Throughout his career, Sigmund Freud attempted to delve deeply into the human psyche, uncovering motivations behind our every desire. The most common answer to all of our motivations, according to Freud, was primal instincts such as sex. This appeared to impact how he viewed gender roles. For example, Freud explains in “Three Essays on the Theory of Sexuality” that women are sometimes motivated by something called “penis envy”, the counterpart of the male “castration anxiety (14).” This happens, according to Freud, because during the phallic stage, young girls realize they do not have a penis and feel devalued because of it. They relate to their mothers, also without a penis, but immediately reject them, seeing them as valueless, as well. Mothers become the ones to blame for the lack of penis. As a result, young girls devote their attention and affection to their fathers, never fully forgiving their mothers for their lack of a phallic member (17). This is known as an Elektra Complex.
Conversely, Freud claimed in his three essays that boys experience a similar confrontation with gender. Between the ages of four and six a boy’s love for his mother, according to Freud, secures sexual implications. The boy then becomes an opposing force, battling against his own father for his mother’s love (24). A small boy’s father is obviously bigger and more powerful, making the boy feel weak and threatened. This ultimately leaves the boy with a complex in which he must prove himself first as a man, and second as a worthy mate.

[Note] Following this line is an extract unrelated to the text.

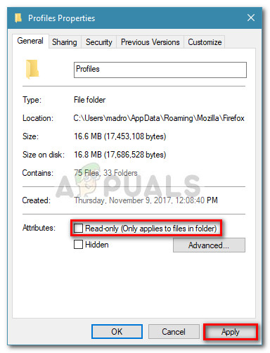 - If you found that the Read-only attribute was checked and you modified it go ahead reboot your computer. At the next startup, start using Firefox again and monitor it for any signs of unresponsiveness.

In order to remove the threat, the boy must integrate features of his father that make him “desirable” to others (27). This is known as the Oedipus complex.

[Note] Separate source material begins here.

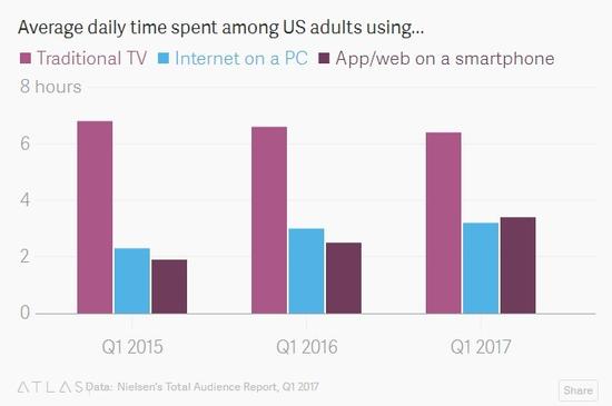 然而,虽然内容消费终端可能发生了改变,但更多的人的内容消费数量比以往任何时候都要多。科技博客Recode指出,随着传统电视收视率下降,包括电脑和智能手机在内的其它设备终端的使用量呈现稳步上升。这些设备可用于做各种看电视以外的事情。尼尔森则估计,在当前的2016至17电视季中,美国观看电视的家庭数量增长1.7%,至1.184亿户。

Essentially, Freud’s gender roles were very controversial, but also very basic. The roles were rooted in childhood and based on the children’s bodies. Children saw that their mother and father were a man and a woman. Identifying themselves as either a boy or a girl, they sought to fill their respective roles. Unable to do so, they integrated characteristics from their parents. This encourages parents to be good role models, suggesting that Freud understood even if the beginning motivation for children was about their sexual organs, in the end the primary objective was to learn how to be a member of a family. Freudian Theory suggested, according to “The Meaning of Difference: Gender Theory, Postmodernism, and Psychology” that a person’s dependence on growing into a whole adult centered on each of their psychosexual stages being fulfilled (459). This and many of Freud’s other notions were met with heavy scrutiny but he is still known one of the most forthright psychoanalysts of our time.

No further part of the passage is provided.